The earnings season has been spotty for U.S. companies so far, with sluggish demand overseas damping returns for some multinational companies. The Bloomberg Commodity Index extended losses at a 13-year low, with Goldman saying it expects Chinese demand for copper to grow at the slowest pace in almost two decades. The dollar meandered as traders started to focus on the outlook for next week’s meeting of the Federal Reserve.

“Investors have been somewhat surprised at how unimpressive earnings have been considering where the stock market is,” said Jeff Sica, who oversees over $1.5 billion as president and chief executive officer of Circle Squared Alternative Investments in Morristown, New Jersey. “Earnings have not proven to be the catalyst they’ve looked for.”

Varied Results

Materials producers in the S&P 500 lost 1.6 percent Thursday as the commodity rout continued. West Texas Intermediate settled in a bear market, with losses in the past six week topping 20 percent as resilient U.S. output, rising OPEC supply and threats to Chinese demand keep a global glut in place.

Gold futures for August delivery settled higher by 0.2 percent, halting 10 days of losses. The price touched $1,080 on Monday, the lowest since February 2010, and is down 16 percent in the past 12 months.

Commodity stocks “are not out of the woods yet because the macro plays against them -- China slowdown, overcapacity for mining, and continued downturn in gold prices,” aid Pierre Mouton, who helps manage $8.3 billion at Notz, Stucki & Cie. in Geneva.

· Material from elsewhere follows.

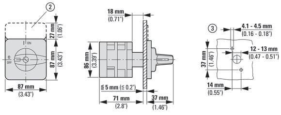EATON INDUSTRIES - Invertitore T5B 63A a incasso, 2 Unità costruttive, Contatti: 4, 60°, stabile, posizione 0 (Off), 1-0-2, Numero schema 8400/E COMM. A CAMME.

Earnings per share at S&P 500 companies probably slumped 5.3 percent in the second quarter, according to analysts’ estimates, weighed down by tumbling oil and commodities prices and slow global economic growth.

Stalling Out

Disappointing results from Apple Inc. and Microsoft Corp. sparked a selloff in technology shares Wednesday, though gains in financial shares muted losses in the S&P 500. The index on Monday briefly topped its closing record before ending below it, continuing a pattern of rising to the brink and then failing to break through. The gauge is 1.3 percent from its May 21 high.

Caterpillar, the largest manufacturer of construction and mining machinery, cut its full-year sales forecast Thursday, saying important end-user industries remain weak. 3M reduced the top end of its 2015 profit and revenue, citing lower-than-expected global economic growth.

SanDisk Corp. led a rebound in tech shares Thursday, rising the most since 2009 after results topped estimates. Apple and Microsoft led gains in the Dow Jones Industrial Average.

Rate Bets

Analysts now call for a 5.3 percent drop in second-quarter profit, shallower than July 10 estimates for a 6.4 percent decline.

The dollar depreciated 0.6 percent to $1.0995 per euro, after reaching $1.1005, the weakest level since July 15. It fell 0.1 percent to 123.81 yen. The U.S. currency had appreciated amid speculation on when, and how many times, the Fed will raise rates this year.

Odds for a September liftoff remain at 50 percent, exactly where they were in June, according to the median of 46 responses in a July 20-22 survey, despite six weeks of turmoil from Greece to China.

The benchmark U.S. 10-year Treasury yield dropped 0.4 basis points to at 2.28 percent. The rate will rise to 2.53 percent by Dec. 31 and reach 3.23 percent by the end of 2016, according to weighted-average forecasts of analysts surveyed by Bloomberg.

In Europe, the Stoxx 600 fell for a third day as a decline in energy shares outweighed better-than-expected results from Credit Suisse Group AG and Unilever.

Pearson Plc gained 2.1 percent after saying it agreed to sell the Financial Times business daily to Japan’s Nikkei Inc.